Нынче на крепостном валу я поделился этим с Лавинией. «Равкна», – сказала она, пожимая плечами… Мне нужна одежда, немного денег и казачья лошадь. До Тифлиса я доберусь за двое суток, искать же меня будут по дороге на Москву…»
«апреля 12…
…Ходят слухи о каком–то большом и очень скором наступлении. Соберется много героев, много пушек, много водки. Все отправятся, чтобы дать последний бой злобному врагу. Каждое удачное попадание пушечного ядра – в саклю, в корову, в человека – будет вызывать громкие счастливые восклицания и послужит поводом для шумных вечерних тостов. Горцы уходят все дальше, все глубже. Скоро они побегут… Куда же они–то побегут?

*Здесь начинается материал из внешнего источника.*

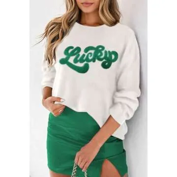 LEMAFER Women's 2025 St. Patrick's Day Sweater Green Sequin Lucky Letter Round Neck Casual Long Sleeve Sweatshirt Pullover Tops

Внезапно, как снег на голову, свалилось письмо от Кассандры. Чертовщина! «Дорогой Сереженька, дитя… Государь милостив, и с божьей помощью, надеюсь, все обойдется. Ты только наберись терпения и ничего себе не позволяй. У нас толки все утихли. Теперь больше говорят о Царьграде и русской миссии. Все теперь о тебе очень вспоминают, жалеют и, конечно, недоумевают по поводу столь сурового наказания. Ты, конечно, в свое время очень досадил многим, даже Государю. А ведь ты помнишь, как я тебя всегда предупреждала, какой ужас меня охватывал при мысли, что терпение общества лопнет и оно вынуждено будет от тебя защищаться. Люди не ценят своих благ, а потеряв, страдают. Ах, как тебе, должно быть, трудно и как горько сознавать все это! Тут, конечно, образовалась целая партия сочувствующих тебе, и мы дергаем различные ниточки в разных направлениях, чтобы постепенно создать нужный климат. Будь благоразумен, ради бога, не позволь себе чего–нибудь, чтобы не разрушить наших усилий. Сведущие люди говорили мне, что даже в твоем положении, там у вас, можно вполне обойтись без излишних геройств. Совсем тебе не нужно лезть под пули. Ты уже отличился в молодые годы, и все это знают… Твоя любящая сестра…»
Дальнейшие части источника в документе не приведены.